The paper referenced the main result of [10], which states that:

If the probability distribution of the dataset is representable by a large, very sparse deep neural network, then the optimal network topology can be constructed layer by layer by analyzing the correlation statistics of the activations of the last layer and clustering neurons with highly correlated outputs. __ Neurons That Fire Together, Wire Together. –Hebbian Priciple __ Based on above, the Inception structure is proposed, with dense wider design to approximate local sparsity and aggregate the resulting chennels as the output.

In first attempt from 2(a), the Inception is consistes of combination of all state-of-art sparse layers with their output filter bancks concatenated into a single output. With 1x1 dimension reduction is applied, rather than the naive approach, the Inception block could be extracting more informative information (from difference sparse units + different scale spatial information with multi-kernel sizes), by using above designs, Inception is allowed to increaseing units at each block without computational complexity blowing-up, whilist keeping the lower-level sparse computational away.

An compact model using Inception blcoks is proposed in the paper, namely the GoogLeNet (With 2 additional auxiliary classifiers weighted 0.3 at lower/middle depth).

This design wins VGG by ~1.5% less error rate.

Inception V2 (BatchNorm)

Proposed by Google in 2015 [11]. According the widely used SGD meethod for DNN weights updating, the paper points that the layer output is largely effected by the inputs from the previous layer. Therefore, during training/testing stage, the distributions of the inputs matters to the model. It would be advantageous for the distribution of the inputs remain fixed over time so the network weight does not have to readjust to adapt new distribution. Such distribution transformation of inter-network nodes is called Internal Covariate Shift(ICS).

The paper proposed method called Batch Normalization, which is nowadays commonly used in DL community.

During the backpropagation, the scale parameter $\gamma$ and shift parameter $\beta$ also needs to be learned by passing through the loss $l$ and compute the gradient with respect to these parameters. Batch Normalization also allows learning rate to be set higher without weights blowing-up.

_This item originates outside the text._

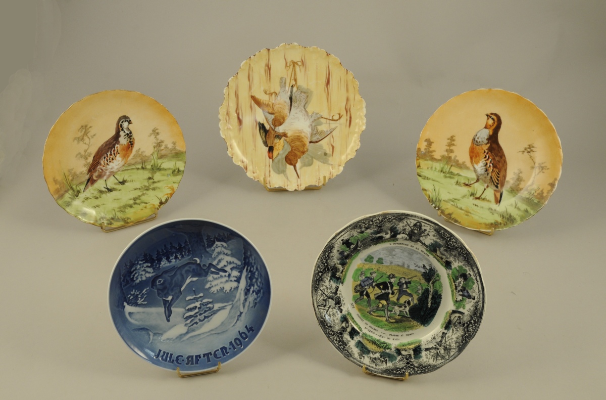 - ASSIETTE à bord mouvementé. Décor polychrome d'un trophée de chasse aux oiseaux. Travail français moderne. Diam. 23,5 cm.

Occasionally speaking, with BN, the dropout layer is sometimes discared.

Inception V2 is based on Batch Normalization Method by adding BN after layer transformation, using $ReLU$ as activation functions, and replace the 5x5 Conv by two consecutive 3x3 Conv.

The Inception trained with different larger learning rate achives some result much faster interms of training episodes.

Inception V3

Propsed by Google in 2015. [12] The paper relooked into the inception designs and propsed the following 4 General Design Principles regarding DNNs, that empirically:

Avoid extreme representational bottlenecks, especially in the early network. Otherwise information could be lost.
Higher dimensional representations are easier to process locally within a network, hence converges faster.
Spatial aggregation can be done over lower dimensional embeddings without much or any loss in rep- resentational power.
Balance network width and depth.

More efficient Inception could be achived by Factorizing the Convolution. First, factorize the original convolutions to the combinations of smaller combinations stacking on top of each other, by doing so, we made the in-block network deeper, hence imporved representation power of the non-linearity of the model, while significantly saving parameters and MACs.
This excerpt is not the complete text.